Start of Stored data

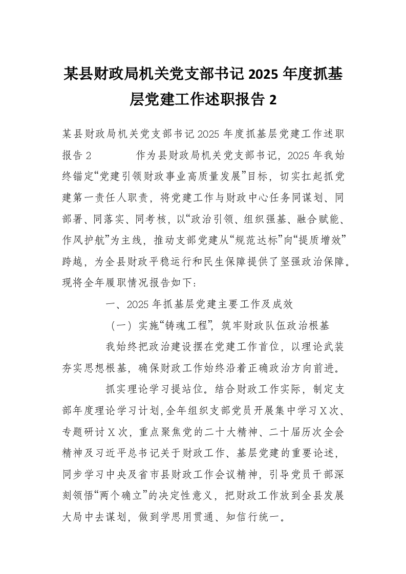 某县财政局机关党支部书记2025年度抓基层党建工作述职报告2
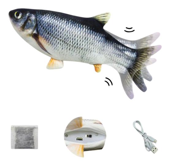 - The realistic fish design and the life-like flopping stimulate's your cat's hunting instincts.
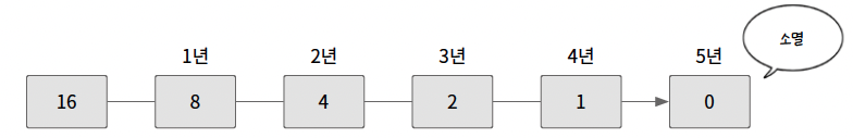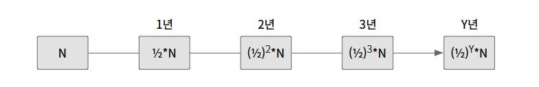 초기 박테리아 세포 개수가 N일 때 해마다 세포 개수가 이전 세포 개수의 반으로 준다면 언제 모든 박테리아가 죽을지 계산하기
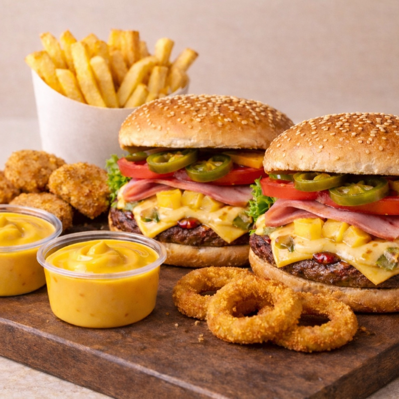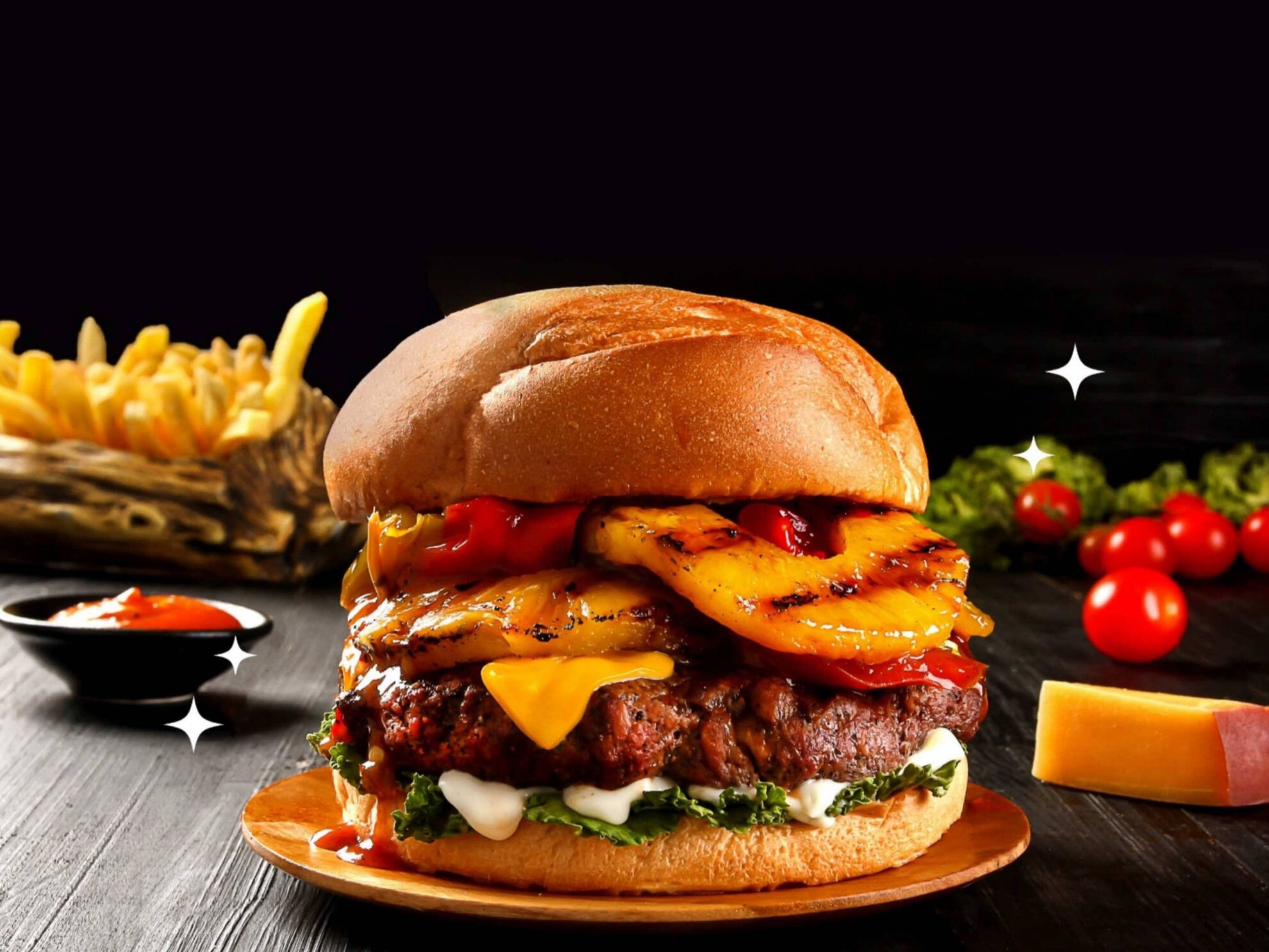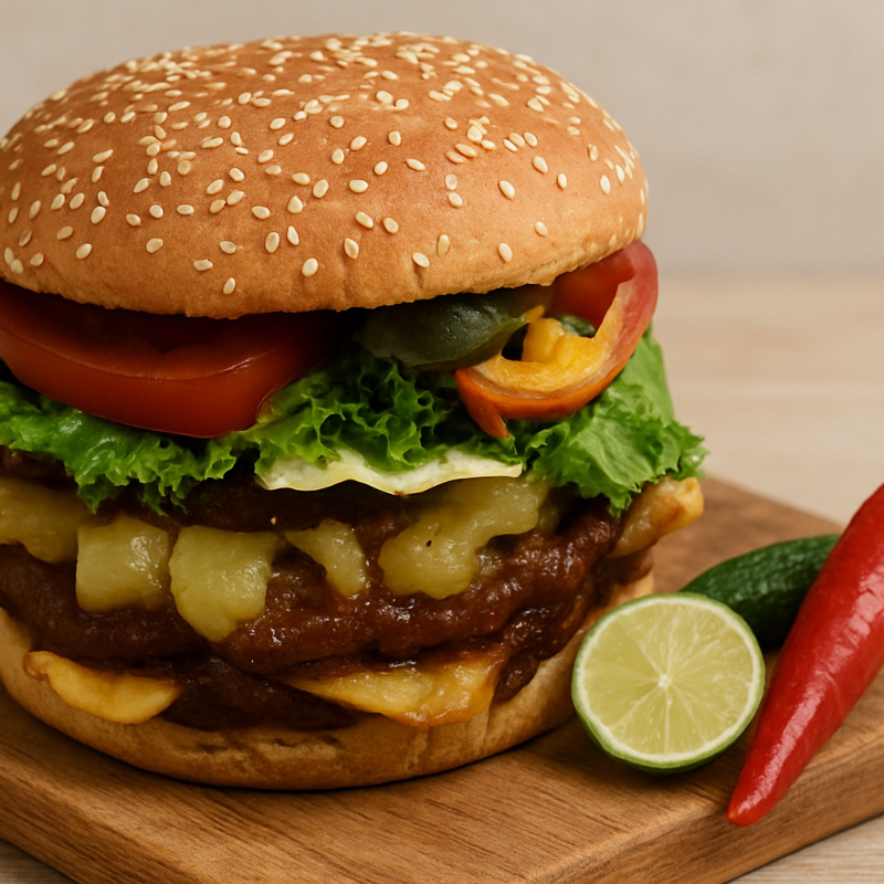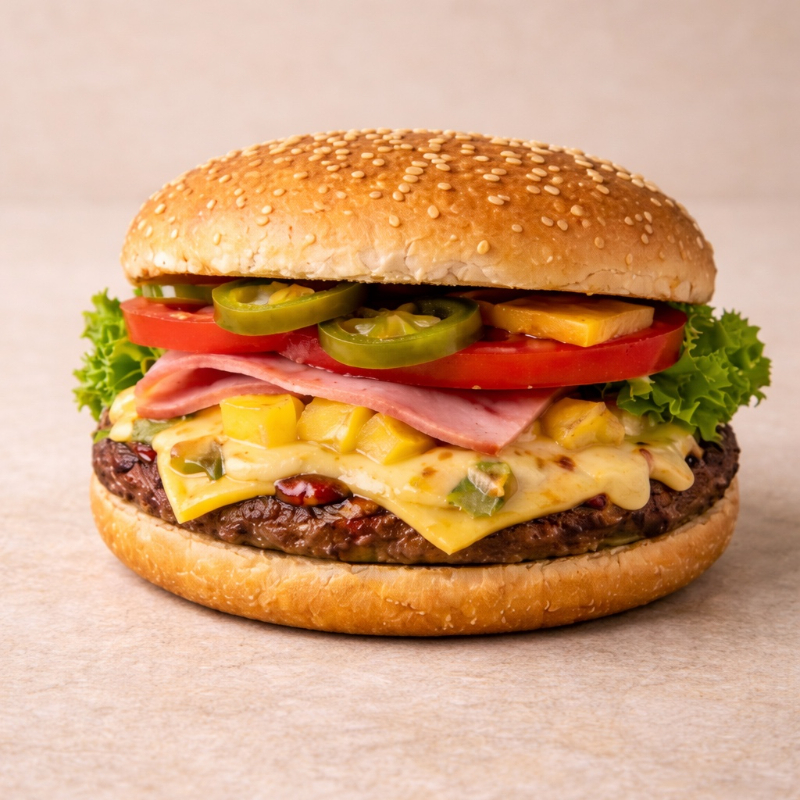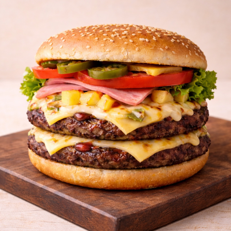 Hamburguesa de 2 Carnes (200 gramos) Doble queso, Jamón, Piña, en Pan con Mayonesa, Cátsup, Mostaza, Lechuga, Jitomate y Picante.

End of Stored data

Starting at the line above that contains "- The realistic", transcribe every line exactly through the line that contains "초기 박테리아 세포 개수가", including that last one, and skip the pictures.

 - The realistic fish design and the life-like flopping stimulate's your cat's hunting instincts.
 초기 박테리아 세포 개수가 N일 때 해마다 세포 개수가 이전 세포 개수의 반으로 준다면 언제 모든 박테리아가 죽을지 계산하기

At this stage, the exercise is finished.